__Aim of the exercise__.
When you copy the listing, skip the images and return each line verbatim.

__Collected data__.
'''

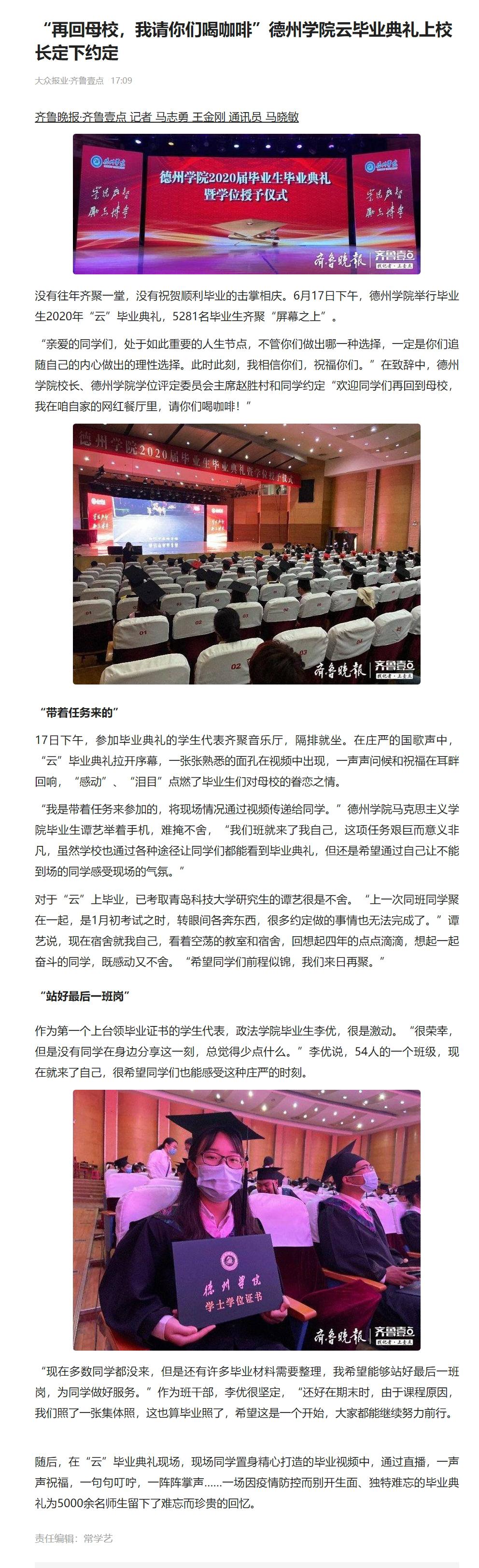 【齐鲁晚报 齐鲁壹点】“再回母校,我请你们喝咖啡”beat365官方网站云毕业典礼上校长定下约定
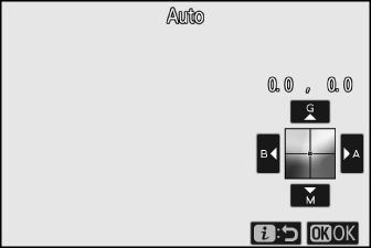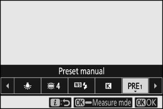 Voreinstellungen für den Weißabgleich können angezeigt werden, indem Sie im Fotoaufnahmemenü [ ] > L [ ] auswählen. Um einen gespeicherten Wert abzurufen, markieren Sie mit dem Multifunktionswähler eine Voreinstellung und drücken J .
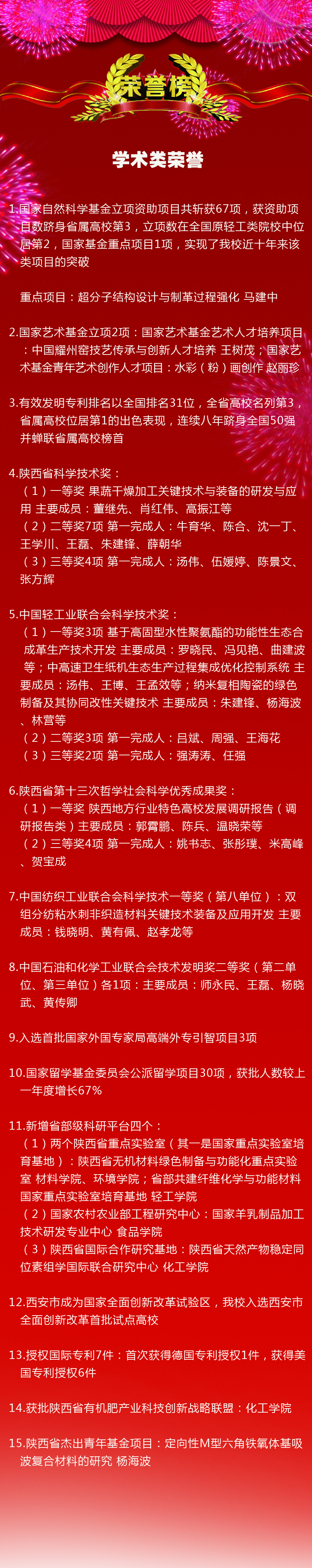 舊歲已展千重錦,新年再進(jìn)百尺竿。2019年伊始,我們總結(jié)梳理一年來(lái)全校師生的收獲與喜悅,激勵(lì)全體陜科大人以更加堅(jiān)定的決心、更加昂揚(yáng)的斗志,奮楫揚(yáng)帆、闊步前行,共同抒寫(xiě)學(xué)校內(nèi)涵發(fā)展和“雙一流”建設(shè)新篇章。
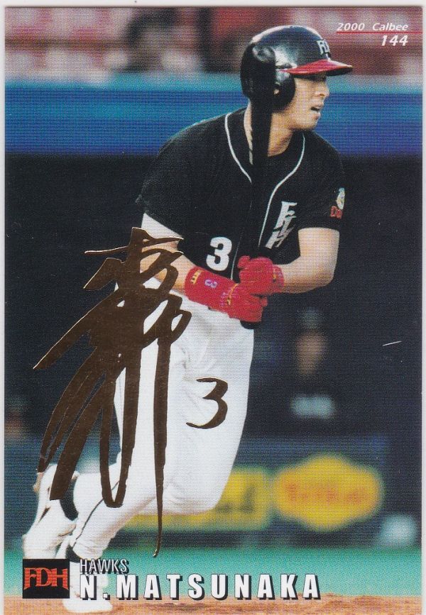- ●2000カルビー 【松中 信彦】 プレ版:金箔押サインパラレル No.144:ホークス R2

'''

__Response to this exercise__.
 【齐鲁晚报 齐鲁壹点】“再回母校,我请你们喝咖啡”beat365官方网站云毕业典礼上校长定下约定
 Voreinstellungen für den Weißabgleich können angezeigt werden, indem Sie im Fotoaufnahmemenü [ ] > L [ ] auswählen. Um einen gespeicherten Wert abzurufen, markieren Sie mit dem Multifunktionswähler eine Voreinstellung und drücken J .
 舊歲已展千重錦,新年再進(jìn)百尺竿。2019年伊始,我們總結(jié)梳理一年來(lái)全校師生的收獲與喜悅,激勵(lì)全體陜科大人以更加堅(jiān)定的決心、更加昂揚(yáng)的斗志,奮楫揚(yáng)帆、闊步前行,共同抒寫(xiě)學(xué)校內(nèi)涵發(fā)展和“雙一流”建設(shè)新篇章。
- ●2000カルビー 【松中 信彦】 プレ版:金箔押サインパラレル No.144:ホークス R2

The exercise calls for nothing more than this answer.